[[ Given data open ]]

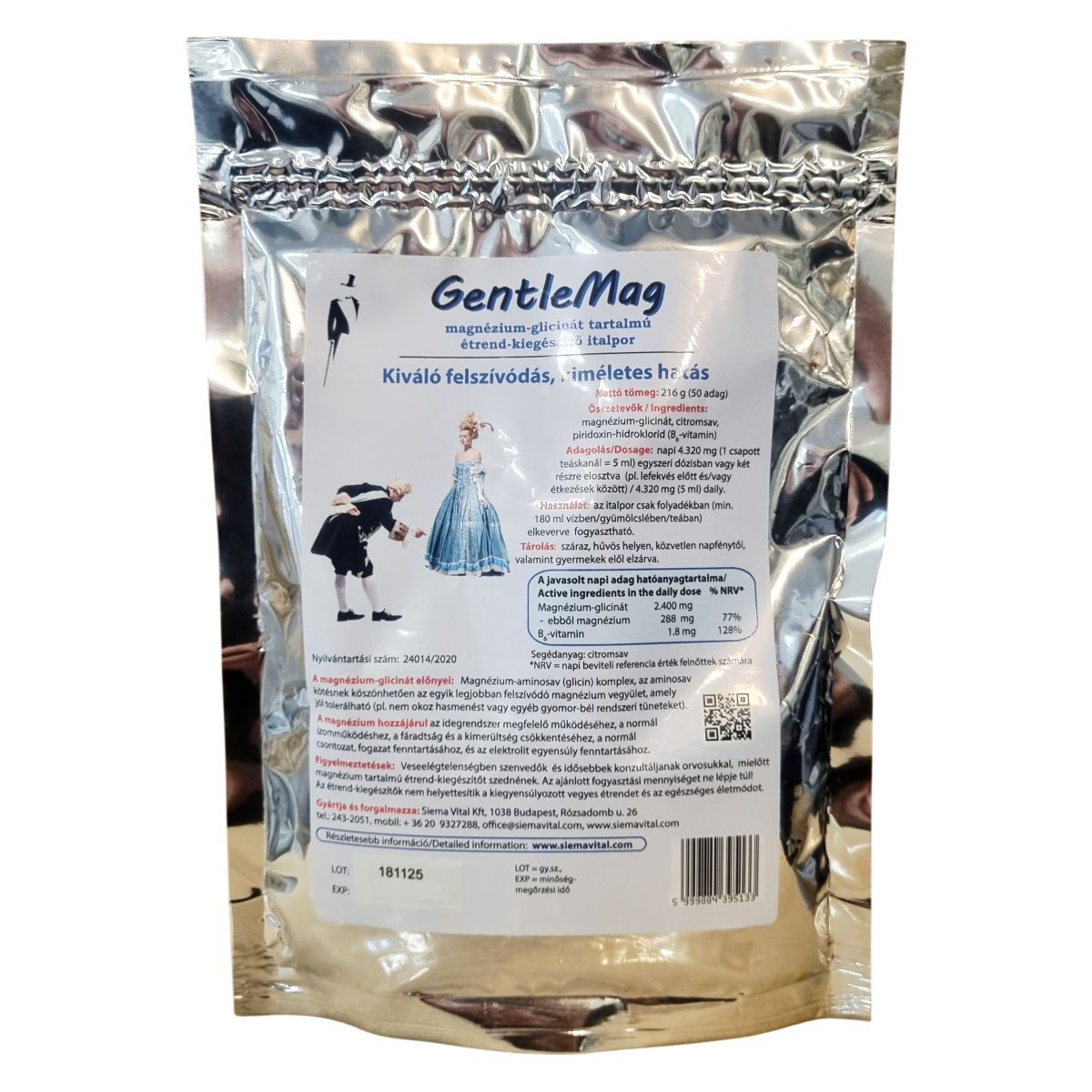 A magnézium-glicinát egy magnézium-aminosav komplex, amely az aminosav kötés révén kiemelkedően jól felszívódó magnézium-vegyület, jól tolerálható módon, amely például nem okoz hasmenést vagy egyéb gyomor-bél rendszeri tüneteket. A termék hozzájárulhat az idegrendszer megfelelő működéséhez, a normál izomműködéshez, a fáradtság és kimerültség csökkentéséhez, a normál csontozat és fogazat fenntartásához, valamint az elektrolit egyensúly megőrzéséhez. Az italpor fogyasztásához legalább 180 ml vízben, gyümölcslében vagy teában kell feloldani. A termék nettó tömege 216 g, az adagok száma 50. A termék gyártója és forgalmazója a Siema Vital Kft, amely Budapesten található. A részletes információk elérhetők a gyártó weboldalán.
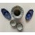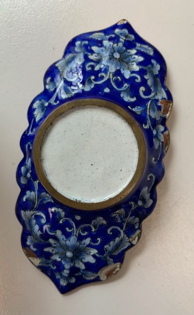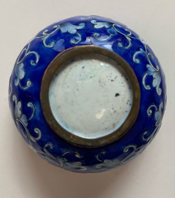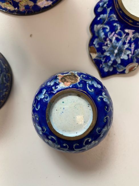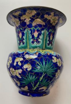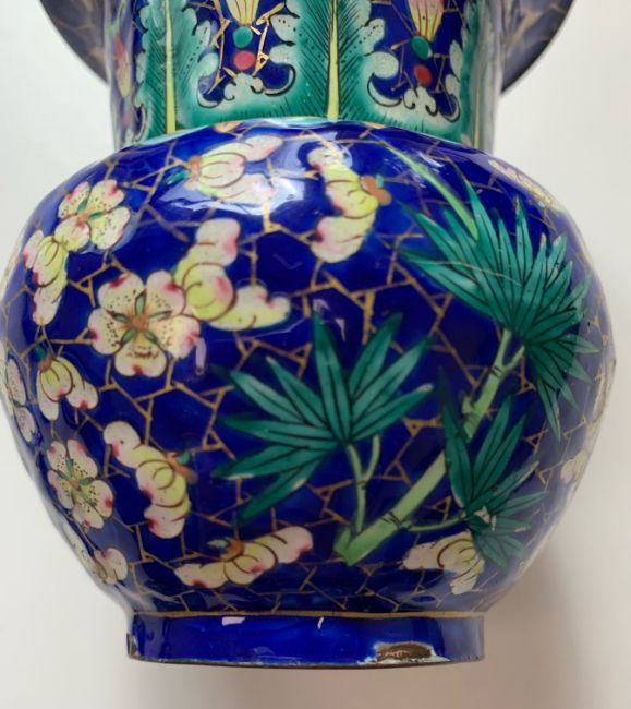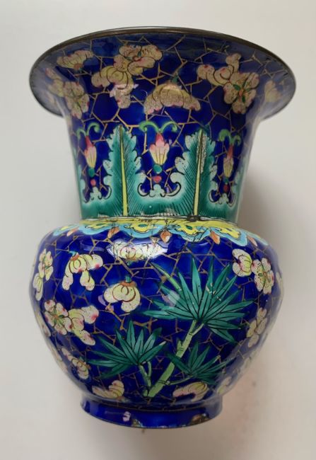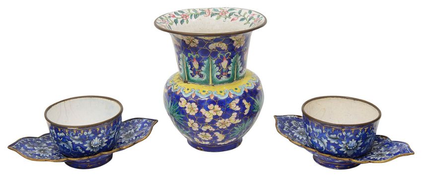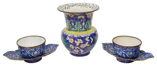19th century, with flared neck, decorated with flower and bamboo over cracked ice pattern against a blue coloured ground, together with a pair of Chinese Canton enamelled metal rice wine cups and saucers, decorated with repeating floral and scrolling leaf motif against a cobalt blue ground, heightened with gilt, the saucers of ellipse form with shaped edge, (5)
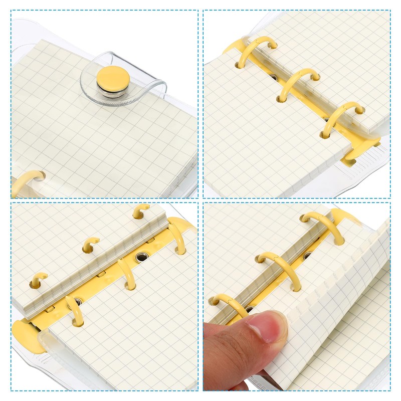 - Advantage: The soft PVC transparent exterior offers durability and a minimalist feel, adding a touch of elegance to your workspace. Comes equipped with ample paper for note-taking, organizing, and storing important documents. The 3-ring design provides secure placement for the included sheets of paper. The Snap button design is a protector, that prevents paper from falling.
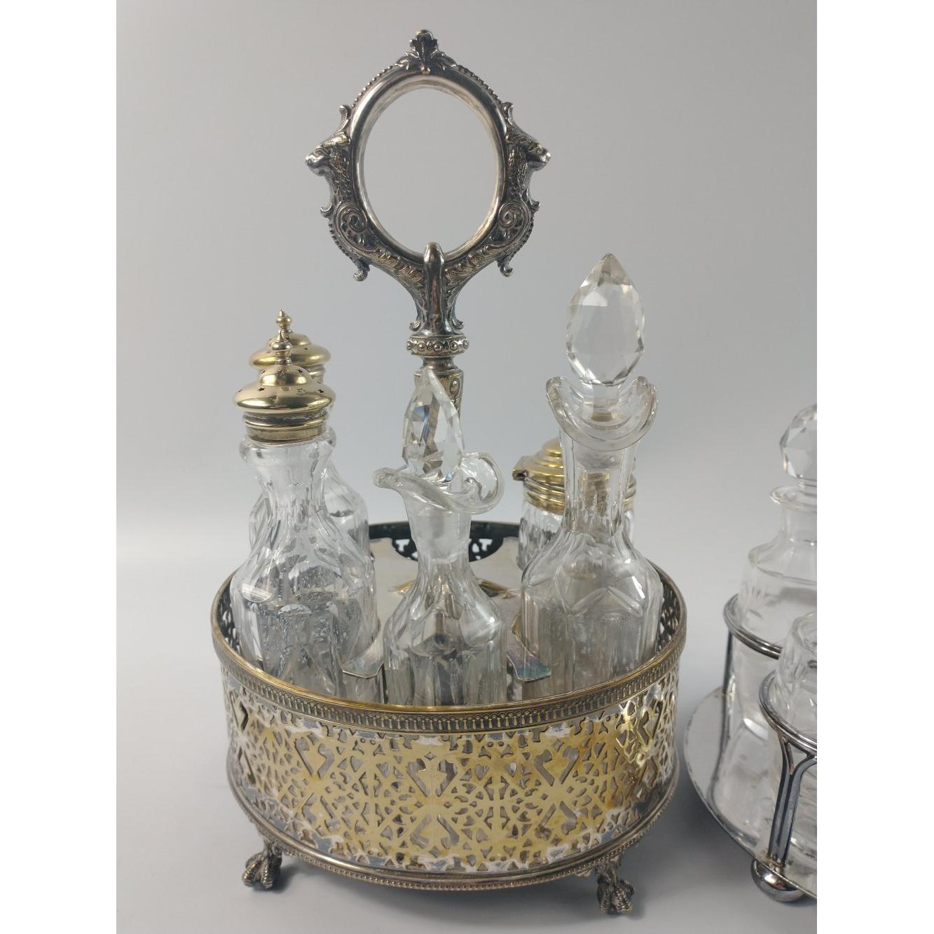 A good quality white metal condiment set four pieces height 25cm with also MAPPIN AND WEB condiment set with four pieces 23cm and a MAPPIN AND WEBB heavy based tall vase in white metal height 23.5cm with lastly a nice quality plated antique teapot with a pumpkin style handle height 18cm x length 28cm
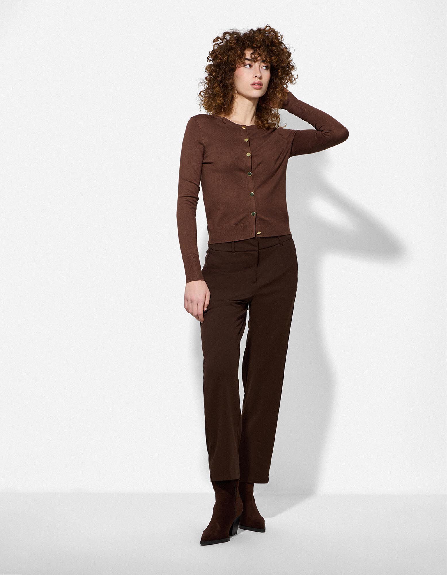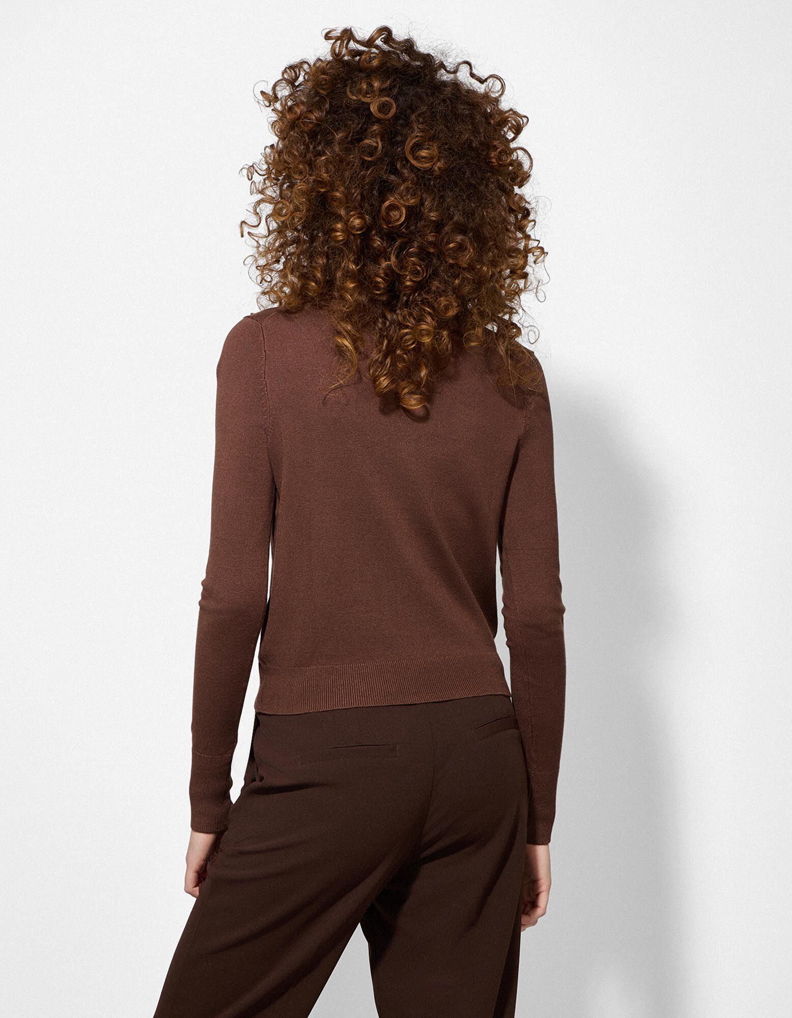Cardigan - Bandă de nasturi - Maro

[[ Given data closed ]]

Exercise directions:
The line with "19th century, with" marks the end: restate word for word every line from the top of the data through that one, omitting pictures.

Completed task:
 A magnézium-glicinát egy magnézium-aminosav komplex, amely az aminosav kötés révén kiemelkedően jól felszívódó magnézium-vegyület, jól tolerálható módon, amely például nem okoz hasmenést vagy egyéb gyomor-bél rendszeri tüneteket. A termék hozzájárulhat az idegrendszer megfelelő működéséhez, a normál izomműködéshez, a fáradtság és kimerültség csökkentéséhez, a normál csontozat és fogazat fenntartásához, valamint az elektrolit egyensúly megőrzéséhez. Az italpor fogyasztásához legalább 180 ml vízben, gyümölcslében vagy teában kell feloldani. A termék nettó tömege 216 g, az adagok száma 50. A termék gyártója és forgalmazója a Siema Vital Kft, amely Budapesten található. A részletes információk elérhetők a gyártó weboldalán.
19th century, with flared neck, decorated with flower and bamboo over cracked ice pattern against a blue coloured ground, together with a pair of Chinese Canton enamelled metal rice wine cups and saucers, decorated with repeating floral and scrolling leaf motif against a cobalt blue ground, heightened with gilt, the saucers of ellipse form with shaped edge, (5)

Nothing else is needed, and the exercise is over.